Manual docs rot the moment you ship. Here's how to automatically generate documentation from your code and keep it current, so your team and your AI agents always read the truth.

CST
Code Summary Team
Automate DocumentationAI Documentation GeneratorDeveloper ToolsDocumentation

Every team has the same documentation story. You write it once, usually under deadline. It's accurate for about a week. Then you rename a module, swap a library, change an endpoint, and the docs quietly become fiction. Nobody updates them because updating docs is the chore everyone defers. Six months later the docs are actively misleading, and new hires and AI agents both trust them anyway.

The fix isn't more discipline. It's removing the manual step. Documentation should be generated from the code and regenerated when the code changes, so it can't drift. Here's how to automate it.

Why manual documentation always rots

Manual docs fail for a structural reason: the source of truth (your code) and the description of it (your docs) live in two places and are updated by two different processes. Code changes on every push. Docs change when someone remembers. Those two clocks drift apart immediately, and the gap only grows.

Automating documentation closes that gap by making the docs a product of the code instead of a parallel artifact. When the code is the input, the docs can't describe a version that no longer exists.

What "automated" should actually mean

Plenty of tools will generate docs once. That's not enough. Real automation has four properties:

  1. Generated from the source, not hand-written. The tool reads your actual code, structure, and conventions.
  2. Regenerated on change, ideally on every push, so the docs track the code without anyone remembering.
  3. Published, so the current version is one link away for your team and your users.
  4. Readable by AI agents, because in 2026 your coding agents need that context as much as your developers do (see documentation for AI agents).

A tool that does step 1 but not steps 2 through 4 just moves the rot problem one push down the road.

The approach

1. Generate from the repository, not a blank page

Point the tool at your repo and let it read the code. The output should reflect your real structure and conventions, not a generic template you then have to correct. This is also the difference between a doc-site builder (you write, it publishes) and a generator (it reads your code and writes the first draft). For a full breakdown of which tools do which, see our 2026 comparison.

2. Trigger regeneration on push

The single highest-leverage automation: tie doc generation to your git workflow so a push updates the docs.
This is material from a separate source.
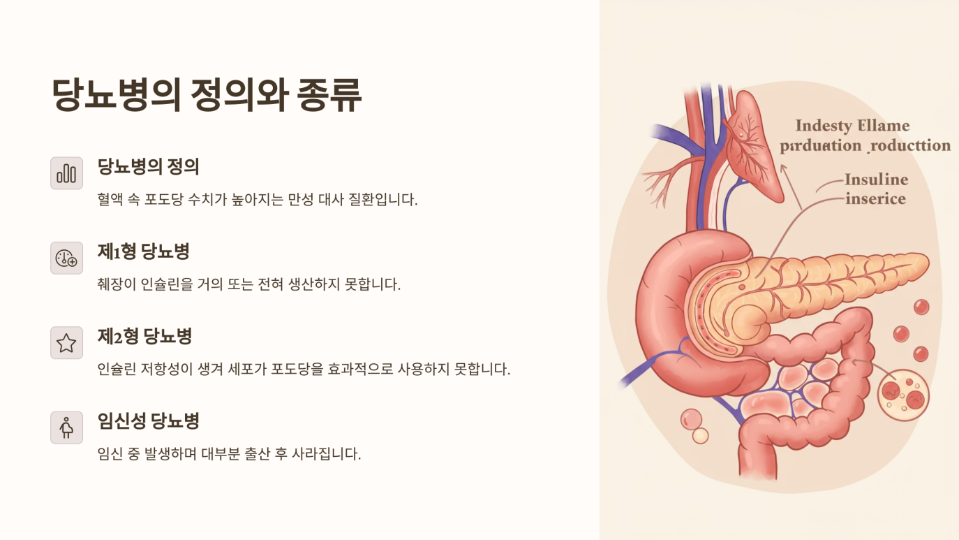 당뇨병은 인슐린의 분비 또는 기능 이상으로 인해 혈중 포도당 농도가 만성적으로 높아지는 대사 질환입니다. 혈당이 비정상적으로 높아지면 다양한 합병증이 발생할 수 있으며, 심한 경우 삶의 질이 급격히 떨어지거나 생명까지 위협받을 수 있습니다. 2025년 대한당뇨병학회 통계에 따르면, 국내 30세 이상 성인 중 약 15%가 당뇨병 또는 당뇨 전단계에 해당한다고 합니다. 이는 과거 10년 전의 통계치보다 약 3%p 이상 증가한 수치로, 현대인의 식습관 변화와 스트레스 증가 등이 주요 원인으로 꼽힙니다.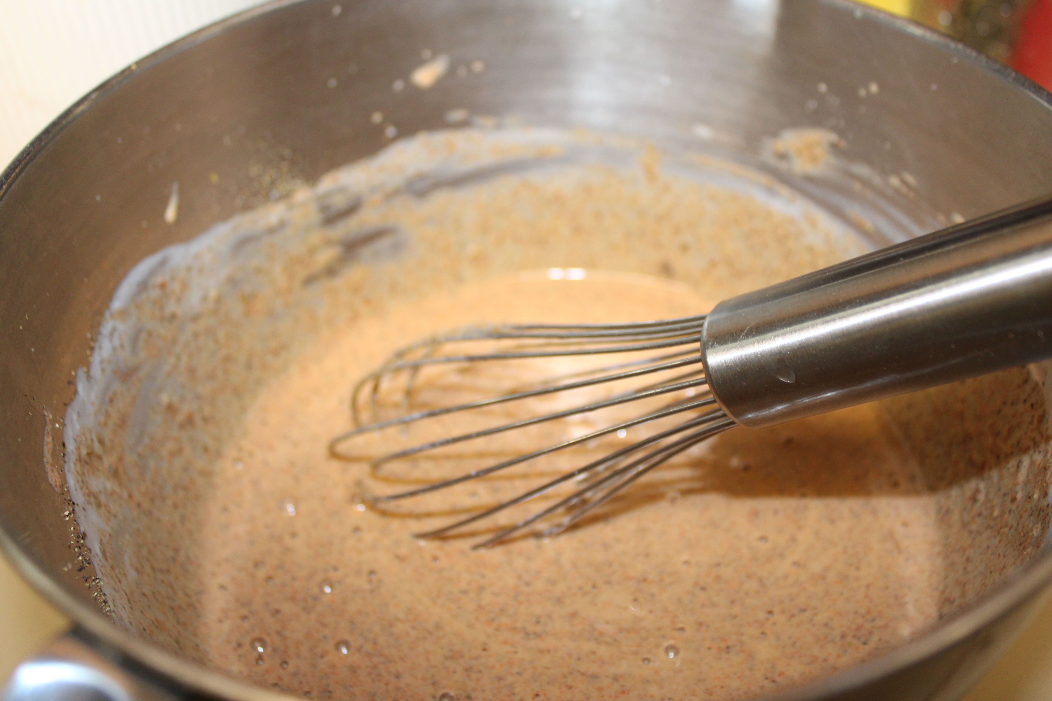 Slowly whisk in the milk, then cream and finally the chicken stock. Whisking constantly, simmer unit the mixture has reached a gravy consistency. Adjust seasonings with salt and pepper to taste.

This is what keeps "accurate for a week" from ever happening. The docs and the code share one clock.

3. Keep a human in the loop for what matters

Automation doesn't mean nobody reviews. The good pattern is generate automatically, then approve before publishing, so machines do the tedious 90 percent and humans keep editorial control over the 10 percent that needs judgment.

4. Make it agent-readable

Once docs are generated and current, expose them so AI agents can read them directly instead of guessing. An MCP endpoint lets Claude Code, Cursor, and other tools query your live docs on demand. The same automation that serves your team serves their agents, from one source.

How Code Summary automates it end to end

This is exactly what Code Summary does. Connect a repository and it reads the source, generates structured documentation, and publishes it as a hosted site. On every push it regenerates, so the docs stay current without anyone touching them. You approve changes before they go live, and the same docs are served as a live MCP endpoint so your agents read the current truth.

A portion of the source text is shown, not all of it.